Remembering The Swamp Fox

Every baseball fan knows about the so-called "Shot Heard Around the World," on Oct. 3, 1951, when Bobby Thomson of the New York Giants hit a three-run homer in the ninth inning to given the Giants a 5-4 victory in the final game of a National League playoff series against their crosstown rivals, the Brooklyn Dodgers.
Not so many people remember that the come-from-behind rally that Thomson ended so dramatically began with a single to right field by Giants captain and shortstop Alvin Dark, who died Nov. 13 at the age of 92 of complications from Alzheimer's disease.
He'd made a name for himself well before he was signed to a big league contract. After graduating from Lake Charles High School, he became an All-SEC halfback at LSU — where his heroics against Ole Miss in 1942 were almost as legendary as Billy Cannon's famous run. LSU won 21-7, as Dark ran for two touchdowns, one 70 yards and one 46 yards, and as a punter dropped the ball inside the Rebel two yard line three times.
After that season he joined the Marines and was sent to the Southwestern Louisiana Institute (UL-Lafayette today) as part of the V-12 officer training program. He led the SLI Bulldogs to an undefeated season and their first bowl game, which they won. He was drafted by the Philadelphia Eagles of the National Football League in 1945, but he chose baseball when he came home from the Pacific after World War II. 
I met him, by accident, when I was a teenager in Lake Charles. His home was on the back nine of the country club golf course (which I got to play because I was a lifeguard there) and I sliced a drive into his back yard.
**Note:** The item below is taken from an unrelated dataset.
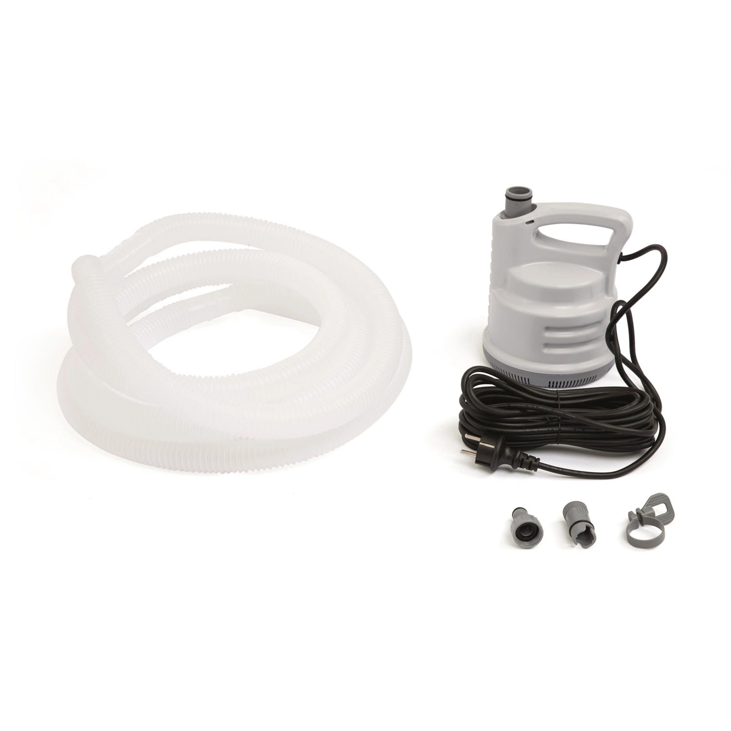 Pachetul conține tot ce aveți nevoie pentru utilizare imediată – furtun de evacuare de 5 m, adaptoare pentru furtun de grădină și clemă pentru conectare sigură. Alimentarea la 220–240 V și puterea de 80 W fac ca pompa să fie eficientă energetic și totodată suficient de performantă pentru golirea rapidă a apei din piscină.

He picked up the ball, tossed it into the middle of the course and said, "Nice shot, kid."
I met him on several other occasions and remember him as a soft-spoken, self-effacing man.
Dark played in the major leagues as a shortstop and third baseman for 14 seasons, hitting above .400 twice in the World Series, in 1951 and 1954. He began his career with the then-Boston Braves and was the National League Rookie of the Year in 1948, when he helped lead the Braves to the team's first World Series in 34 years.
He was traded to the Giants after that season and was named team captain by manager Leo Durocher, who called him "the cement that holds the ball club together." In 1956 he was traded to the St. Louis Cardinals, to the Chicago Cubs in 1959, and to the Philadelphia Phillies in 1960, then back to the Braves (by then playing in Milwaukee), then back to the Giants (who had moved to San Francisco, who wanted him as a manager rather than a player).  
He led the league in double plays three times during his playing career and was also the first shortstop to hit 20 or more home runs in each of three seasons. Fellow players nicknamed him "The Swamp Fox."
As manager, he won the National League pennant with the Giants in 1962 but lost the World Series against the Yankees in seven games. 
In 1965 he became an assistant to Charlie Finley, owner of the Kansas City Athletics, and became the A's manager the next year., He was hired to manage the Cleveland Indians in 1968, then rehired by Finley (who had moved the A's to Oakland), where in 1974 he became one of only three managers to win league championships in both the National and American leagues. That year he led Oakland to the World Series championship. He finished his managerial career in 1978 with the San Diego Padres.
In the 1980s, he helped develop minor league players for the Cubs and then the White Sox.
There were some rocky moments during his career — controversial remarks about black and Latino players were attributed to him in the summer of 1964. He said he was misquoted. Giants captain Willie Mays defended him. Felipe Alou, who, incidentally, played for the Lake Charles minor league team in the middle 1950s, called him "a very nice man," but one who was "totally separated from the reality of the world."
I don't know about that, but I do know he left his mark as a player and manager. In a 1969 poll, Giants fans picked Dark as the greatest shortstop in team history.